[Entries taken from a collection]

※ ※ ※

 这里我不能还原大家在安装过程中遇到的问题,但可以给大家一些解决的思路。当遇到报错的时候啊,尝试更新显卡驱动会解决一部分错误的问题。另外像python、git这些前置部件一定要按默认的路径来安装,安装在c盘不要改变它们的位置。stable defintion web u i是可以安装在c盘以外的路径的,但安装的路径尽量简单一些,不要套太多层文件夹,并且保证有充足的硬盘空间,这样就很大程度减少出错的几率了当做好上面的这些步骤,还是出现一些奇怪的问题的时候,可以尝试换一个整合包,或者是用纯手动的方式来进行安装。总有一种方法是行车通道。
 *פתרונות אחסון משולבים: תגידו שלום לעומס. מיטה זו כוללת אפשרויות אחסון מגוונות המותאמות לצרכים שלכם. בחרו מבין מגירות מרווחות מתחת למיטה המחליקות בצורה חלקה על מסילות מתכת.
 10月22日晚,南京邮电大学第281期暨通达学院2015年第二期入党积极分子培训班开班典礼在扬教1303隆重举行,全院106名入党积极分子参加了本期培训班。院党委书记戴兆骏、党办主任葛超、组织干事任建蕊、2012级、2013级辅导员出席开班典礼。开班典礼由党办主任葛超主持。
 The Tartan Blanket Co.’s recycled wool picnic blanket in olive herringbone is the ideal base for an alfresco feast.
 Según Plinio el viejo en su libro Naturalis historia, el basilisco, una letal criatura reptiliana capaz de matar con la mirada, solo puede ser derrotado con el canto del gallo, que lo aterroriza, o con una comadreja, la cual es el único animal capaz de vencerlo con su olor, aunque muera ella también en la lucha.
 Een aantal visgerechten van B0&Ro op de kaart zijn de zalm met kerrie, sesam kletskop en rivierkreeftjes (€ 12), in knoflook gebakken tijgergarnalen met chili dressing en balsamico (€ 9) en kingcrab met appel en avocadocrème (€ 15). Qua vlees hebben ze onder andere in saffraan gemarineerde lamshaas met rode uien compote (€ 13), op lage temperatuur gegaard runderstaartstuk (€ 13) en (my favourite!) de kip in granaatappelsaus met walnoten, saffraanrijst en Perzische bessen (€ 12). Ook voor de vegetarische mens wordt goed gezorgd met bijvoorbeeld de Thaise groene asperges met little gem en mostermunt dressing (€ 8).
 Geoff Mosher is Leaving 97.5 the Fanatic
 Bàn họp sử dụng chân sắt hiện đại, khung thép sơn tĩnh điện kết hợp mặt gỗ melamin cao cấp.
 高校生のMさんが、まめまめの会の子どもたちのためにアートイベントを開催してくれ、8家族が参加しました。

※ ※ ※

Set down each entry again, unchanged.

 这里我不能还原大家在安装过程中遇到的问题,但可以给大家一些解决的思路。当遇到报错的时候啊,尝试更新显卡驱动会解决一部分错误的问题。另外像python、git这些前置部件一定要按默认的路径来安装,安装在c盘不要改变它们的位置。stable defintion web u i是可以安装在c盘以外的路径的,但安装的路径尽量简单一些,不要套太多层文件夹,并且保证有充足的硬盘空间,这样就很大程度减少出错的几率了当做好上面的这些步骤,还是出现一些奇怪的问题的时候,可以尝试换一个整合包,或者是用纯手动的方式来进行安装。总有一种方法是行车通道。
 *פתרונות אחסון משולבים: תגידו שלום לעומס. מיטה זו כוללת אפשרויות אחסון מגוונות המותאמות לצרכים שלכם. בחרו מבין מגירות מרווחות מתחת למיטה המחליקות בצורה חלקה על מסילות מתכת.
 10月22日晚,南京邮电大学第281期暨通达学院2015年第二期入党积极分子培训班开班典礼在扬教1303隆重举行,全院106名入党积极分子参加了本期培训班。院党委书记戴兆骏、党办主任葛超、组织干事任建蕊、2012级、2013级辅导员出席开班典礼。开班典礼由党办主任葛超主持。
 The Tartan Blanket Co.’s recycled wool picnic blanket in olive herringbone is the ideal base for an alfresco feast.
 Según Plinio el viejo en su libro Naturalis historia, el basilisco, una letal criatura reptiliana capaz de matar con la mirada, solo puede ser derrotado con el canto del gallo, que lo aterroriza, o con una comadreja, la cual es el único animal capaz de vencerlo con su olor, aunque muera ella también en la lucha.
 Een aantal visgerechten van B0&Ro op de kaart zijn de zalm met kerrie, sesam kletskop en rivierkreeftjes (€ 12), in knoflook gebakken tijgergarnalen met chili dressing en balsamico (€ 9) en kingcrab met appel en avocadocrème (€ 15). Qua vlees hebben ze onder andere in saffraan gemarineerde lamshaas met rode uien compote (€ 13), op lage temperatuur gegaard runderstaartstuk (€ 13) en (my favourite!) de kip in granaatappelsaus met walnoten, saffraanrijst en Perzische bessen (€ 12). Ook voor de vegetarische mens wordt goed gezorgd met bijvoorbeeld de Thaise groene asperges met little gem en mostermunt dressing (€ 8).
 Geoff Mosher is Leaving 97.5 the Fanatic
 Bàn họp sử dụng chân sắt hiện đại, khung thép sơn tĩnh điện kết hợp mặt gỗ melamin cao cấp.
 高校生のMさんが、まめまめの会の子どもたちのためにアートイベントを開催してくれ、8家族が参加しました。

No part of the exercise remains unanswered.